There's now an embedded Linux kernel transferred to memory. Finally let’s see if that boots using the “bootm” command:

Marvell>> bootm
## Booting image at 00000000 ...
   Image Name:   Linux-2.6.32.12
   Image Type:   ARM Linux Kernel Image (uncompressed)
   Data Size:    1664912 Bytes =  1.6 MB
   Load Address: 00008000
   Entry Point:  00008000
   Verifying Checksum ... OK
OK

Starting kernel ...

Uncompressing Linux... done, booting the kernel.
[    0.000000] Linux version 2.6.32.12 (root@build3) (gcc version 4.6.4 (Linaro GCC branch-4.6.4. Marvell GCC Dev 201309-2126.3d181f66 64K MAXPAGESIZE ALIGN) ) #4458 Thu Mar 6 14:16:04 CST 2014
[    0.000000] CPU: Feroceon 88FR131 [56251311] revision 1 (ARMv5TE), cr=00053977
[    0.000000] CPU: VIVT data cache, VIVT instruction cache
[    0.000000] Machine: Synology 6282 board
[    0.000000] Using UBoot passing parameters structure
[    0.000000] Sys Clk = 200000000, Tclk = 166666667
[    0.000000] Synology Board ID: 25
....

I could ping the system again and the web management interface was loading. Success! Or, so I thought...

Another Stumbling Block

Of course, despite such a tough road so far, it couldn’t all be back to 100% now could it?! Nope, it seems not. Despite the fact that the web interface was loading, attempting to login generated the error message “System is getting ready. Please log in later”.

Using the Synology Discovery software showed the same problem and still didn’t allow me to run any management commands. The system was stuck in a bit of a loop. This was compounded by the fact that it appeared some standard system libraries were missing, if I ran a command like “ps” or “top” I was simply greeted with an error about the “libproc-3.2.8.so” file missing. 
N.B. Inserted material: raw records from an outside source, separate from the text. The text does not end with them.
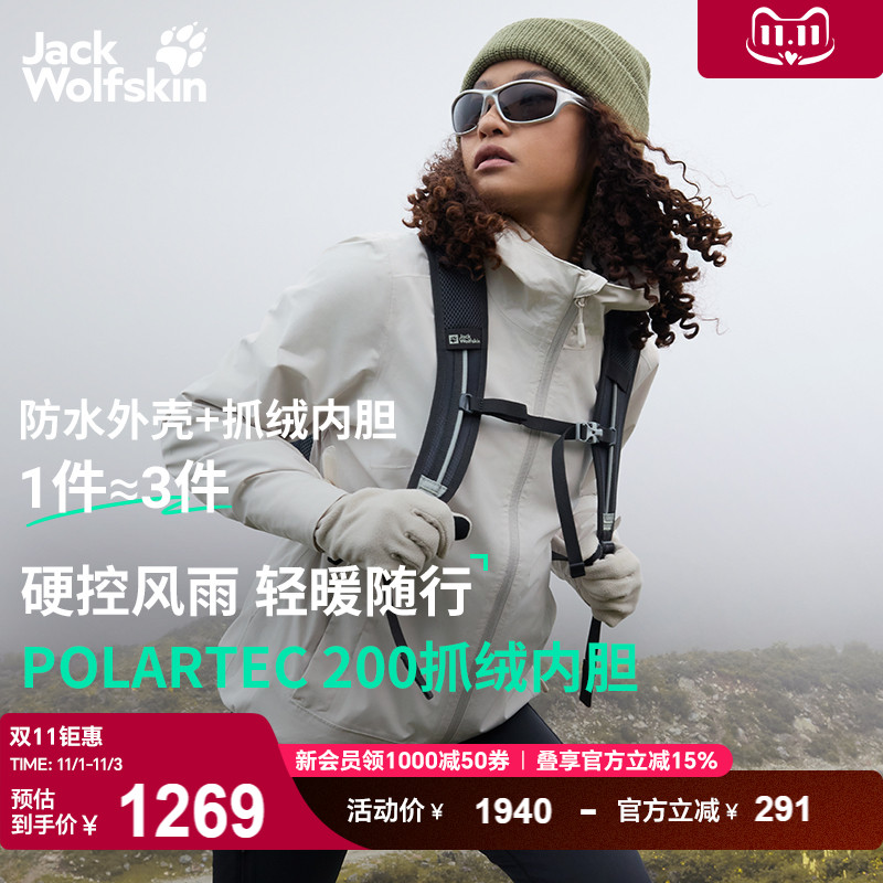 JackWolfskin狼爪DELHI女士收腰款户外防水防风抓绒三合一冲锋衣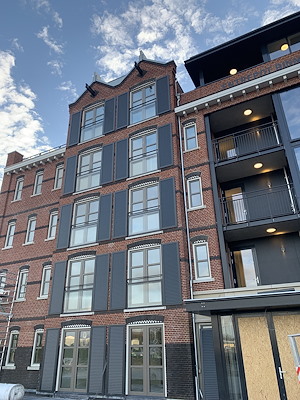 Op de gevels van de woningen sieren aluminium louvreluiken welk decoratief zijn. Het grootste deel van de luiken aan de twee appartementen zijn functionele schuifluiken en elektrisch bedienbaar als zonwering.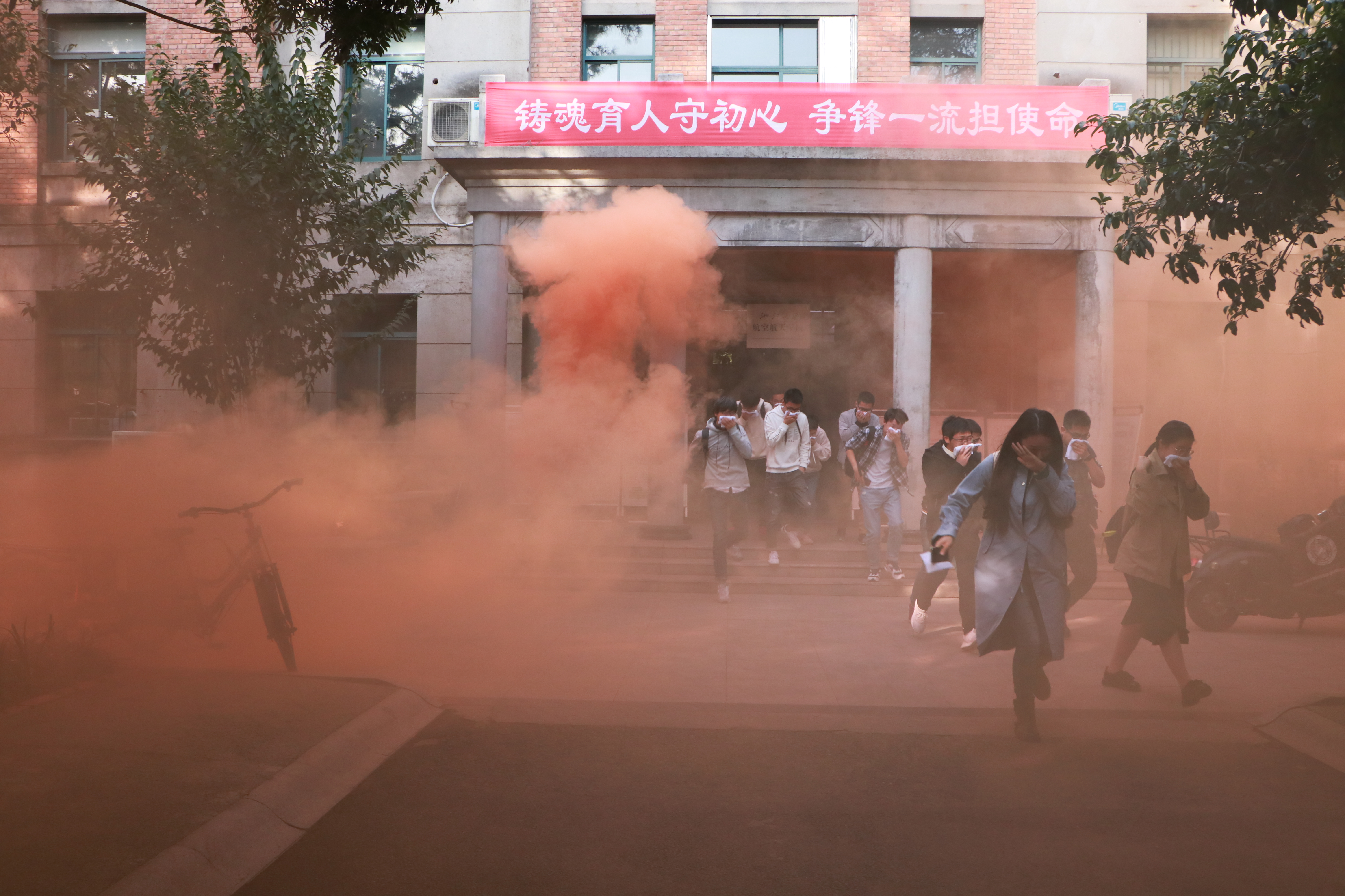 在应急疏散环节,当警报声响起,教五楼里的师生员工,迅速做出反应,用湿毛巾捂住口鼻,在楼层疏散员的引导下,有序地撤离到安全地点。灭火演练环节,玉泉校区保卫办主任陈忠云详细讲解了灭火器的使用方法,并强调了使用过程中的注意事项,大家踊跃而有序地进行了灭火演练。

My only hope was to try and run a full firmware update again. I couldn’t see how to do it via the shell so I needed to get the ability to login to the web interface to call it. Firstly, I had to resolve the fact that the system didn’t believe it’d finished booting. After more searching through the Synology forums (Google is your friend!) I managed to find someone else with a similar problem. I used the following to correct this:

synobootseq --set-boot-done
synobootseq --is-ready

Finally, I was at a point where the web login works. Everything appeared to be mostly working, so I went through the process of updating the firmware. A full recovery was very close.

And one last thing…

I triggered the system to reboot after the update and waited. And waited. This time was at least different, the machine was still responding to pings. With broken system libraries, the NAS simply couldn’t complete a clean reboot process. Using the serial console interface I could see that it was stuck but at least still responding to commands. To force a reset, I used the following:

echo 1 > /proc/sys/kernel/sysrq
echo b > /proc/sysrq-trigger

This is a “hard” reset and a last resort, as there’s no final sync of file systems or clean unmounting. However, it’s just the same as risk a power cycle and at this point I still had nothing to lose. Thankfully, the Magic SysRq Keys were enabled in this embedded Linux kernel and the system rebooted.

The joy of success

It’s working! Pings started to respond and a few minutes later I could login to the web interface. I now had a fully working NAS with the latest firmware running, all without any data loss. There were no more boot rom errors, nor were there any problems with missing library files. I scanned through the system logs to see any sign of ongoing niggly issues and couldn’t find any. Finally, it was all back to normal.

I certainly don’t think it was any bad coding or bad implementation from Synology’s part but simply a case of bad luck. With many other systems it would simply be a case of throwing the system out and starting again (since it was out of warranty).

The fact that I could further debug the problem using standard tools actually increases my faith in the products. After dozens of updates across many of their products, this is the only time I’ve had an issue. Thankfully with a bit of fiddling and learning, it all ended with a working system again.